The Commercial medical expense ratio improved 50 basis points in 1997 to 83.3
percent.  The improvement resulted from same-plan premium yield increases and
favorable physician cost trends (compared to premium yield increases), partially
offset by the higher medical expense ratio of the acquired plans. The Public
Sector medical expense ratio increased from 80.3 percent in 1996 to 82.3 percent
in 1997, resulting from higher than anticipated costs in the Company's new
Medicare HMO markets.  The TRICARE medical expense ratio improved from 83.6
percent during 1996 to 81.2 percent in 1997.  This medical expense ratio
discussion excludes the impact of premium deficiencies ($105 million).  The
inclusion of this item increases the 1996 Commercial medical expense ratio to
86.3 percent.


Liquidity

During 1998, cash provided by the Company's operations was $76 million, compared
to cash provided by operations in 1997 and 1996 of $289 million and $341
million, respectively.  Cash flow in 1998 was negatively impacted by the 1997
PCA acquisition, including paydowns of medical claims backlogs, cash advances to
providers and severance payments.  Also during 1998, the Company made cash
payments of $134 million related to the closed block of PCA workers'
compensation business.  The 1997 decline in net cash provided by operations was
the result of changes in operating assets and liabilities, increased TRICARE
receivables and more timely medical claims processing.

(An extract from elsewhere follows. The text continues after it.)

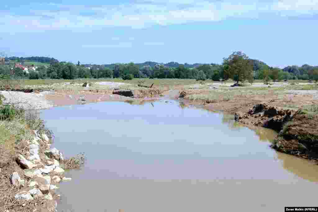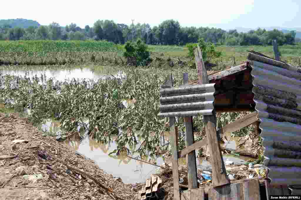 Vodena stihija rijeke Tinje i njenih pritoka u općini Srebrenik je za samo nekoliko sati poplavila blizu tisuću obiteljskih kuća i na desetine privrednih objekata. Voda je poplavila i stotine hektara poljoprivrednog zemljišta. RSE/Foto: Zoran Matkić

                                       7
<PAGE>
 
Management's Discussion and Analysis of
Financial Condition and Results of Operations (continued)
================================================================================
Humana Inc.

Cash provided by investing activities totaled $7 million in 1998, compared to
cash used for investing activities of $664 million in 1997.  The use of cash for
investing activities during 1997 was primarily the result of the PCA and
ChoiceCare acquisitions.  Cash provided by financing activities was $51 million
in 1998 compared to $679 million in 1997.  Cash provided in 1998 was the result
of the timing of book overdrafts, while in 1997 cash provided by financing
activities was the result of borrowings to finance acquisitions.

The Company's subsidiaries operate in states which require certain levels of
equity and regulate the payment of dividends to the parent company.  As a
result, the Company's ability to use operating subsidiaries' cash flows is
restricted to the extent of the subsidiaries' ability to obtain regulatory
approval to pay dividends.

The Company maintains a revolving credit agreement ("Credit Agreement") which
provides additional liquidity under a line of credit of up to $1.5 billion.
Borrowings under this Credit Agreement were $93 million and $300 million at
December 31, 1998 and 1997, respectively.  The Company also maintains a
commercial paper program and issues debt securities thereunder.  The commercial
paper program is backed by the Credit Agreement.  Commercial paper borrowings
averaged $659 million in 1998 at a weighted average interest rate of 5.9
percent.  Commercial paper borrowings outstanding at December 31, 1998 and 1997
was $730 million and $589 million, respectively.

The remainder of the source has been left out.